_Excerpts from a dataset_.
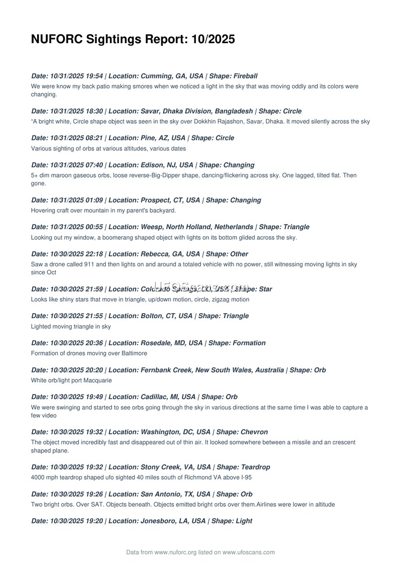 This document is a comprehensive compilation of Unidentified Aerial Phenomena (UAP) sighting reports recorded by the National UFO Reporting Center (NUFORC) for the month of October 2025. The report spans 24 pages and details hundreds of individual accounts submitted by witnesses from across the globe, including the United States, Canada, the United Kingdom, Australia, Ireland, India, Mexico, and various other nations. The sightings are presented in reverse chronological order, beginning with reports from October 31, 2025, and concluding with reports from October 1, 2025. The descriptions provided by witnesses are highly varied, encompassing a wide array of shapes, including orbs, triangles, cigars, discs, chevrons, teardrops, and amorphous lights. Many reports emphasize the unconventional flight characteristics of the objects, such as extreme speeds, sudden stops, erratic movements, silent operation, and the ability to change shape or disappear instantaneously. Several witnesses describe objects interacting with other aircraft, hovering over specific locations like radio towers or defense installations, or appearing in formations. Some accounts include specific details such as the presence of multiple objects, pulsating lights, or the objects' reactions to being observed. The document serves as a raw data repository, capturing the subjective experiences of individuals who reported their observations to NUFORC. The reports vary in detail, with some providing brief, singular observations and others offering more descriptive narratives of prolonged encounters. The document also notes the use of various technologies by witnesses, including cameras, dash cams, and night vision equipment, to document these events. The compilation provides a snapshot of the global frequency and diversity of UAP sightings during this specific timeframe, reflecting the ongoing public interest and reporting activity regarding these phenomena.
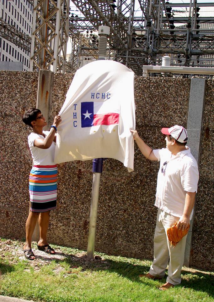 The marker, actually located a block from Antioch Park on Andrews, was sponsored by CenterPoint Energy. It was unveiled by Mike Vance, president and executive director of Houston Arts and Media, and Debra Sloan, Marker Dedication Chair of the Harris County Historical Commission. First pitch honors went to Minnette Boesel who represented Houston Mayor Annise Parker with Mr. Vance doing the catching duties.
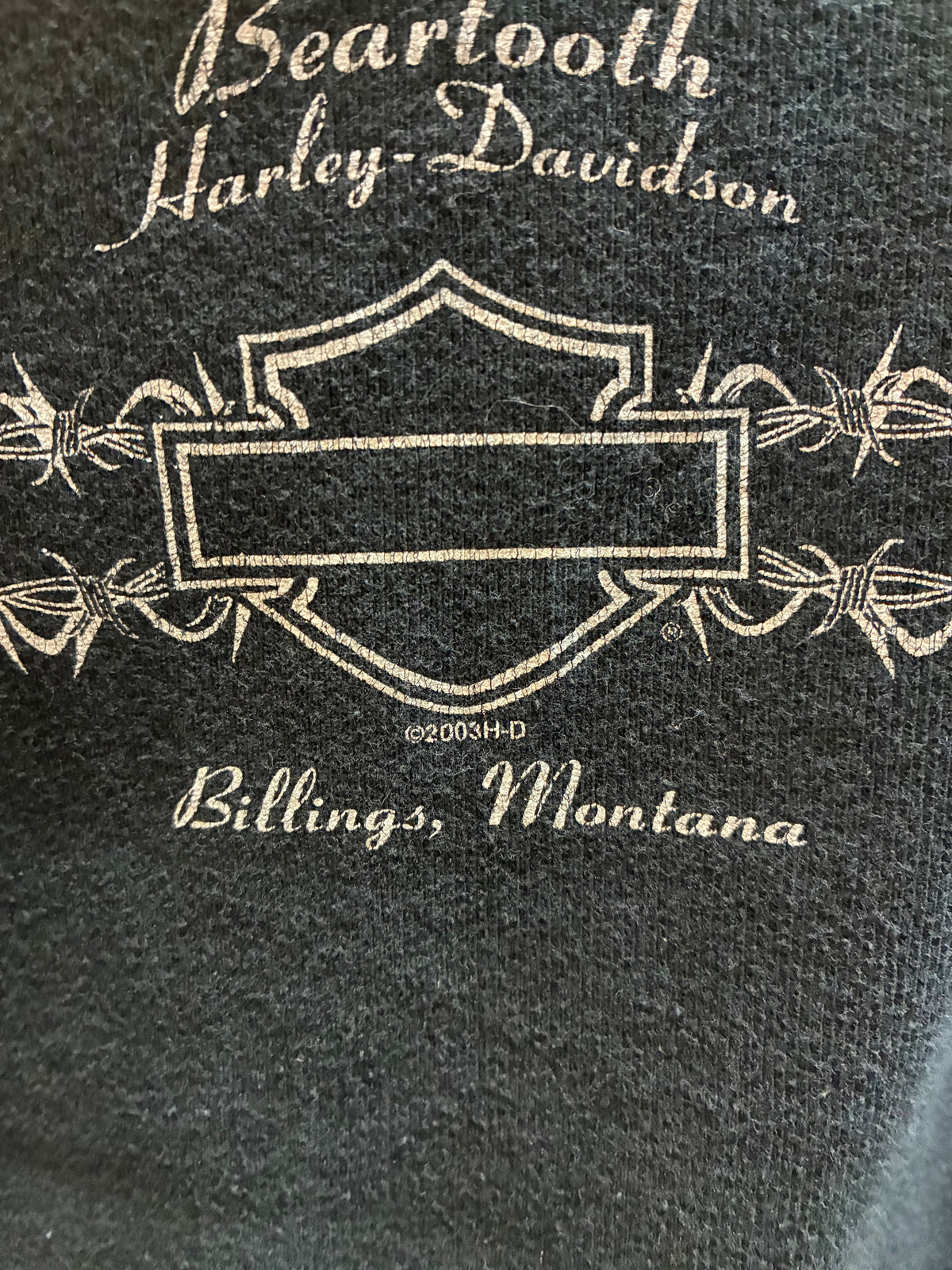 フロントには3スターの「PROPERTY OF」ロゴ、バックには「Beartooth Harley-Davidson」(モンタナ州ビリングス)のプリントが入った両面デザイン。
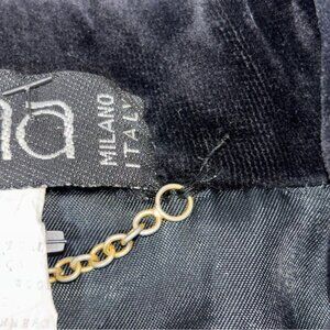 Stunning midi coat with button waist closure. Velvet texture collar. Flared, gathered bottom means you and twirl and swirl in this beautiful coat! Side pockets. Vintage, classic and made in Italy.
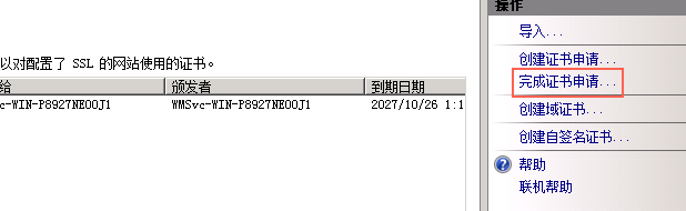 雙擊打開服務器證書后,點擊右則的完成證書申請
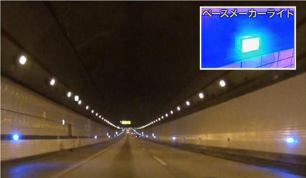 東京湾アクアライン上り線・海ほたるPAの先、浮島JCT付近に約1kmにわたって進行方向に向かって連続的に点滅する青いLEDライトが設置されています。
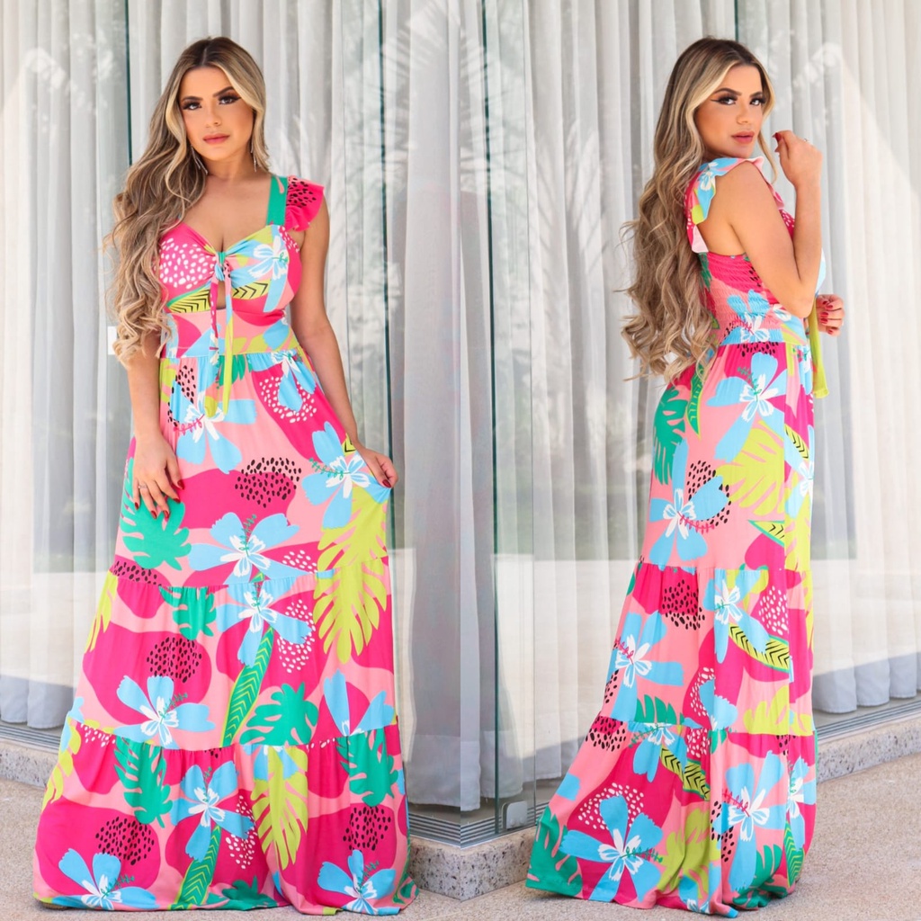 Vestido Longo Estampado Al a Babado e Lastex Floral ou Animal Print Ver o 2023 Very well made.

_Task item_.
Restate each entry word for word; pictures stay out of the copy.

_Solved exercise_.
 This document is a comprehensive compilation of Unidentified Aerial Phenomena (UAP) sighting reports recorded by the National UFO Reporting Center (NUFORC) for the month of October 2025. The report spans 24 pages and details hundreds of individual accounts submitted by witnesses from across the globe, including the United States, Canada, the United Kingdom, Australia, Ireland, India, Mexico, and various other nations. The sightings are presented in reverse chronological order, beginning with reports from October 31, 2025, and concluding with reports from October 1, 2025. The descriptions provided by witnesses are highly varied, encompassing a wide array of shapes, including orbs, triangles, cigars, discs, chevrons, teardrops, and amorphous lights. Many reports emphasize the unconventional flight characteristics of the objects, such as extreme speeds, sudden stops, erratic movements, silent operation, and the ability to change shape or disappear instantaneously. Several witnesses describe objects interacting with other aircraft, hovering over specific locations like radio towers or defense installations, or appearing in formations. Some accounts include specific details such as the presence of multiple objects, pulsating lights, or the objects' reactions to being observed. The document serves as a raw data repository, capturing the subjective experiences of individuals who reported their observations to NUFORC. The reports vary in detail, with some providing brief, singular observations and others offering more descriptive narratives of prolonged encounters. The document also notes the use of various technologies by witnesses, including cameras, dash cams, and night vision equipment, to document these events. The compilation provides a snapshot of the global frequency and diversity of UAP sightings during this specific timeframe, reflecting the ongoing public interest and reporting activity regarding these phenomena.
 The marker, actually located a block from Antioch Park on Andrews, was sponsored by CenterPoint Energy. It was unveiled by Mike Vance, president and executive director of Houston Arts and Media, and Debra Sloan, Marker Dedication Chair of the Harris County Historical Commission. First pitch honors went to Minnette Boesel who represented Houston Mayor Annise Parker with Mr. Vance doing the catching duties.
 フロントには3スターの「PROPERTY OF」ロゴ、バックには「Beartooth Harley-Davidson」(モンタナ州ビリングス)のプリントが入った両面デザイン。
 Stunning midi coat with button waist closure. Velvet texture collar. Flared, gathered bottom means you and twirl and swirl in this beautiful coat! Side pockets. Vintage, classic and made in Italy.
 雙擊打開服務器證書后,點擊右則的完成證書申請
 東京湾アクアライン上り線・海ほたるPAの先、浮島JCT付近に約1kmにわたって進行方向に向かって連続的に点滅する青いLEDライトが設置されています。
 Vestido Longo Estampado Al a Babado e Lastex Floral ou Animal Print Ver o 2023 Very well made.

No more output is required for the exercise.